--- Records provided ---
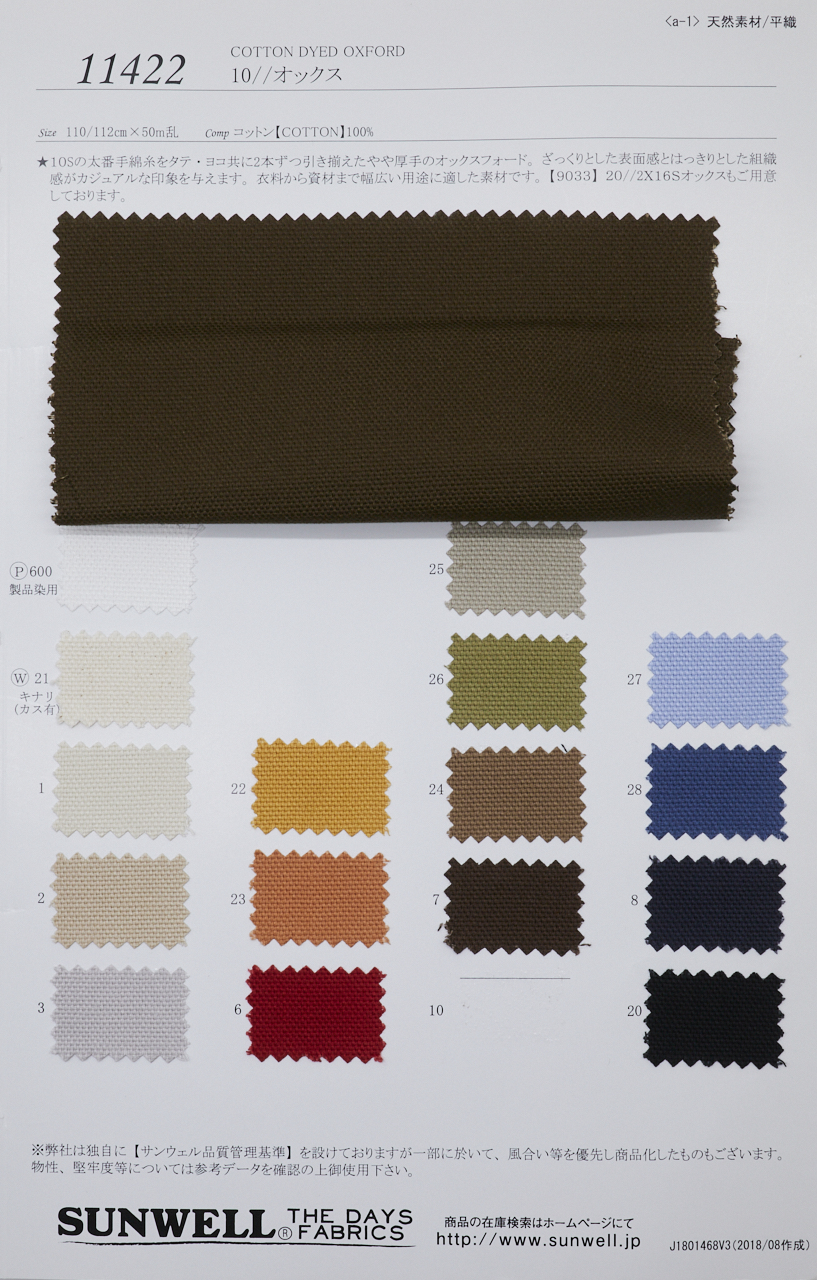 10S의 굵은 면사를 세로와 가로 모두 2가닥씩 사용한 약간 두꺼운 옥스포드입니다. 거친 표면감과 뚜렷한 조직감이 캐주얼한 인상을 줍니다. 의류부터 자재까지 다양한 용도에 적합한 소재입니다. 【9033】 20//2 X 16S 옥스포드도 준비되어 있습니다.
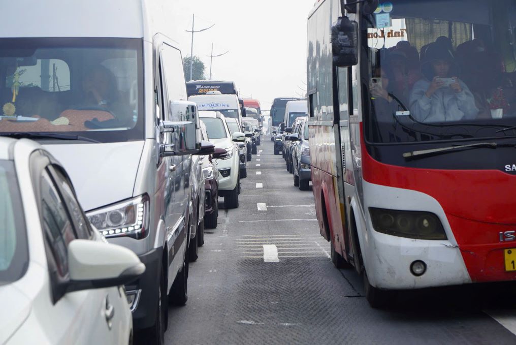 Dòng phương tiện nối đuôi kéo dài nhiều km, di chuyển chậm chạp, có thời điểm gần như đứng yên. Ôtô cá nhân, xe khách và xe tải chen kín mặt đường.
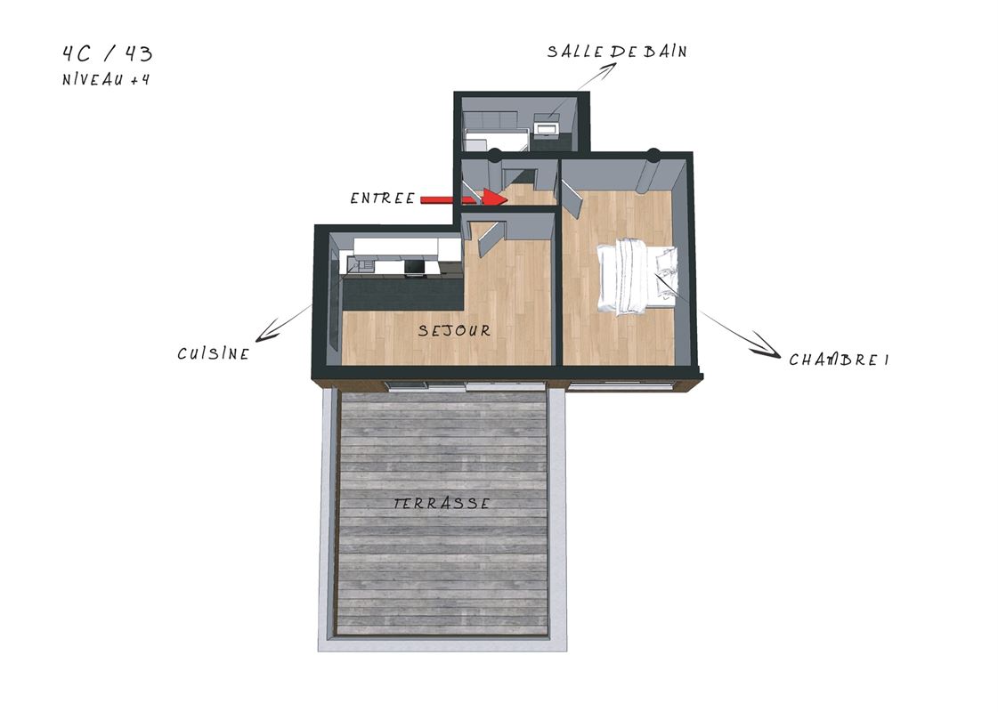Cet appartement d’une chambre dispose d’une salle de bains complète. Le séjour lumineux s’ouvre sur une terrasse généreuse avec vue panoramique, idéale pour profiter des beaux jours et se détendre. L’espace bénéficie de larges baies vitrées coulissantes qui inondent les lieux de lumière naturelle et créent une atmosphère chaleureuse.
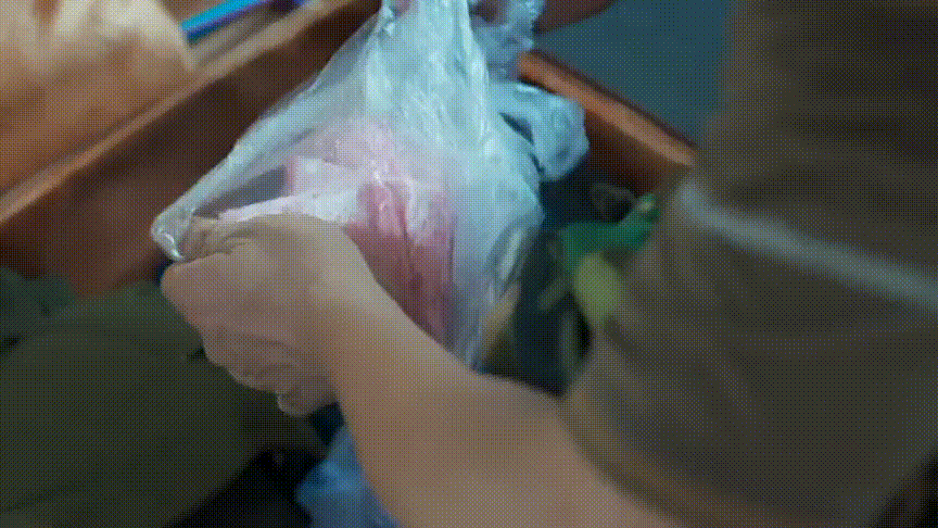 还有农民工焦叔打开行李箱,把自己舍不得扔的卫生巾塞给她。
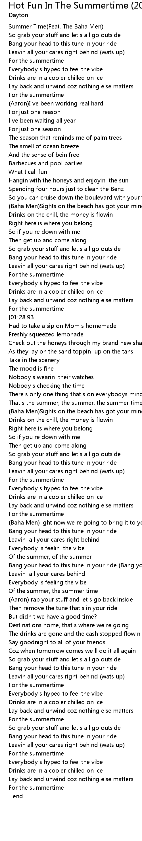 | [00:04.77] | Summer Time(Feat. The Baha Men) |
---
### Task to complete
In the answer, include exactly the lines from the top of the entries through the line containing "Dòng phương tiện", and nothing else, not even the pictures.

### Solution to this task
 10S의 굵은 면사를 세로와 가로 모두 2가닥씩 사용한 약간 두꺼운 옥스포드입니다. 거친 표면감과 뚜렷한 조직감이 캐주얼한 인상을 줍니다. 의류부터 자재까지 다양한 용도에 적합한 소재입니다. 【9033】 20//2 X 16S 옥스포드도 준비되어 있습니다.
 Dòng phương tiện nối đuôi kéo dài nhiều km, di chuyển chậm chạp, có thời điểm gần như đứng yên. Ôtô cá nhân, xe khách và xe tải chen kín mặt đường.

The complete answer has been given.